Unpaid signature bonuses, petroleum profit taxes and royalties amounting to $2.22 billion are due from the NPDC.

The PwC report suggests that the NPDC may have failed to reflect $5.11 billion of revenues in its financial statements, from which substantial dividends would be accruable to the federation account.

The report also showed that NNPC’s 55 percent share of eight oil mining leases (OMLs)in the Shell Petroleum Development Company (SPDC)divestments, were transferred to NPDC for an aggregate amount of $1.85 billion.

So far, only $100 million has been remitted.

Beyond the alarming figures, PwC raised concerns that NNPC “operates an unsustainable [spending] model.”

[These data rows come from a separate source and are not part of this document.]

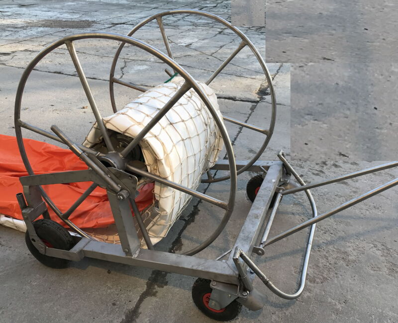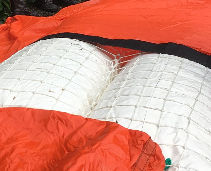 Die MOBILDEICH-Schlauchdämme sind fertig in die patentierte Netzummantelung eingeflochten.
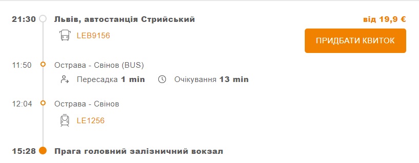 Нічні автобуси зі Львова до Чехії курсуватимуть щоденно. Відправлення зі Львова о 21:30, прибуття до Острави об 11:50, до Праги о 15:28. Автобус курсує через Краків та Катовіце.
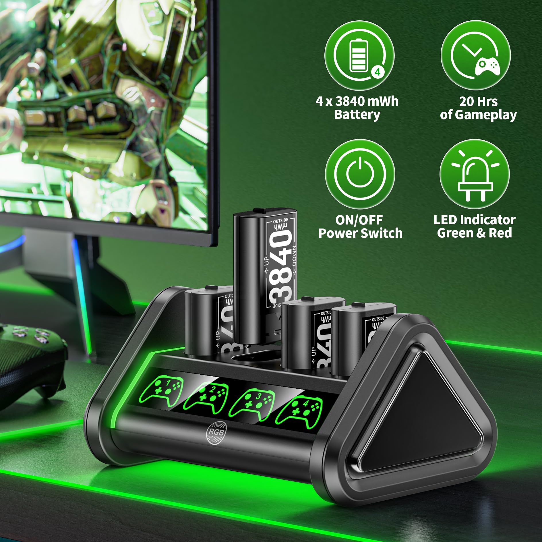 Rechargeable Battery for XboxOne/Xbox Series X|S, 4 x 3840mWh Xbox Battery, Xbox Series Battery Charger Station for XboxOne S|X /Elite Controllers
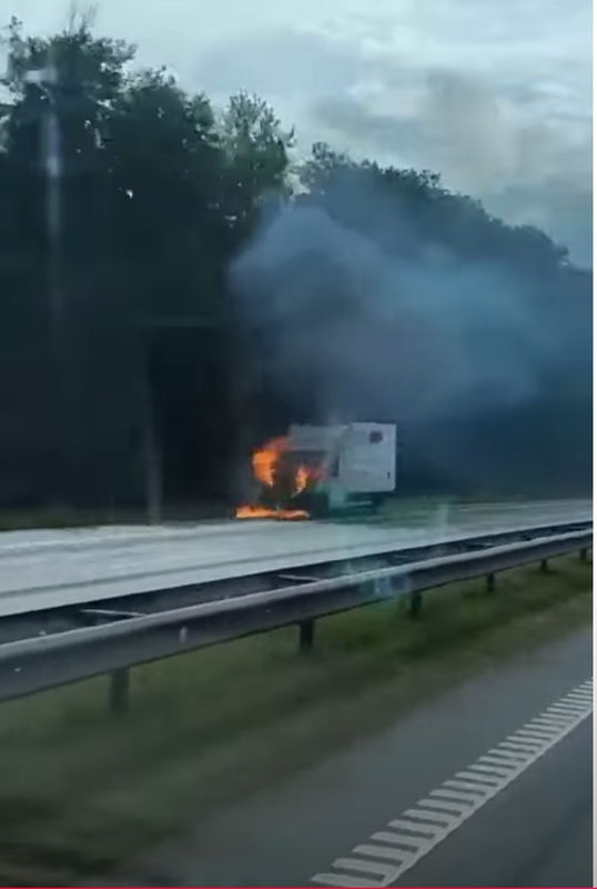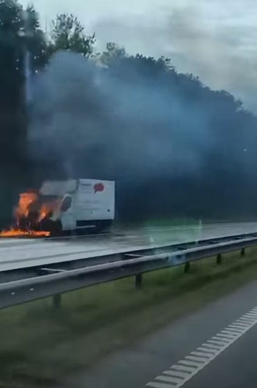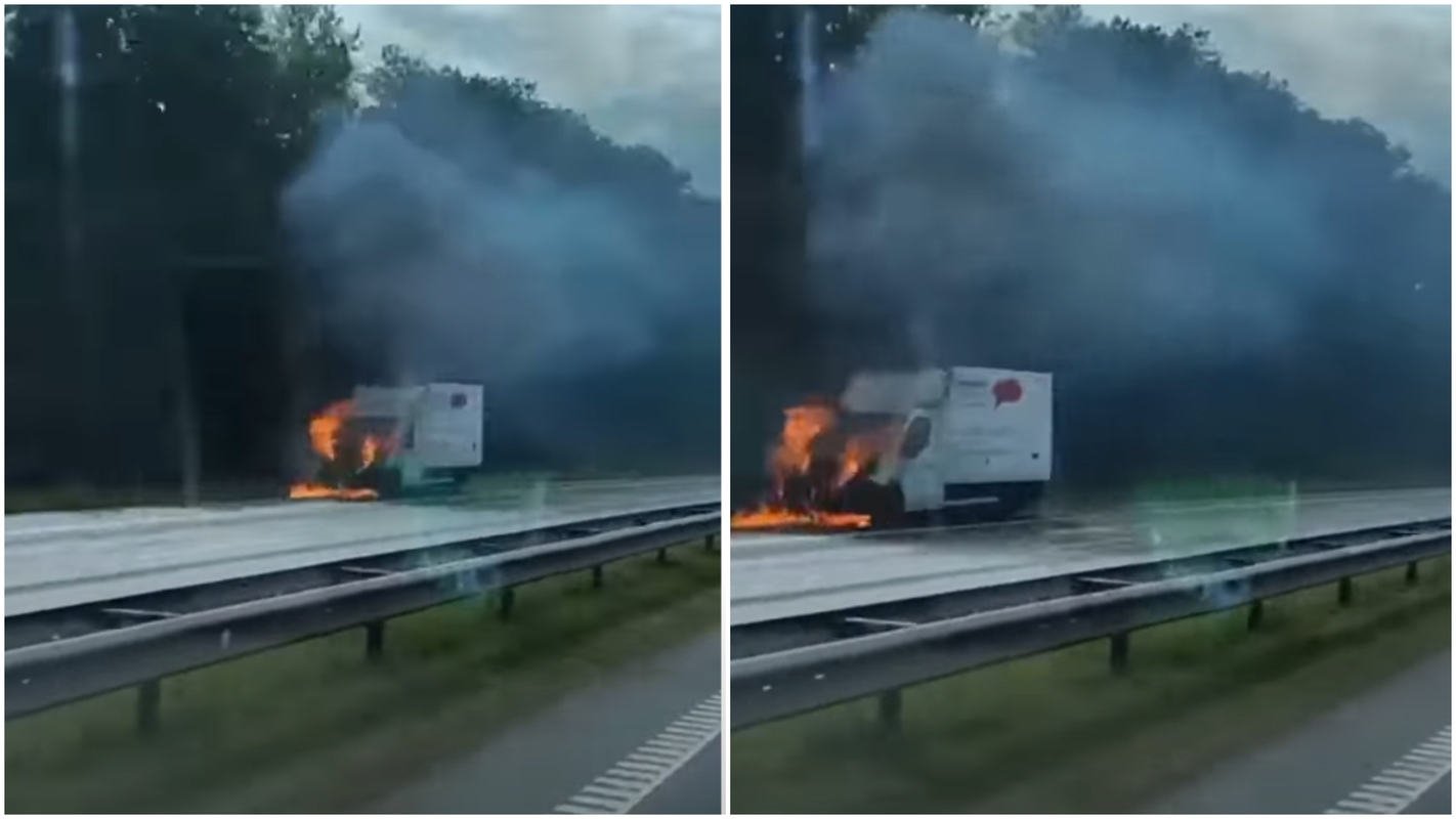 Kaip matyti vaizdo įraše, transporto priemonė degė atvira liepsna.

The Auditor-General explained that the “Corporation is unable to sustain monthly remittances to the Federation Account Allocation Committee (FAAC), and also meet its operational costs entirely from the proceeds of domestic crude oil revenues, and had to incur third party liabilities to bridge the funding gap.”

As Nigerians await decisive government action on the findings of the PwC audit, a recent corruption scandal of similar scale in Brazil has led to the resignation of the head and senior executives of state-run oil giant Petrobras.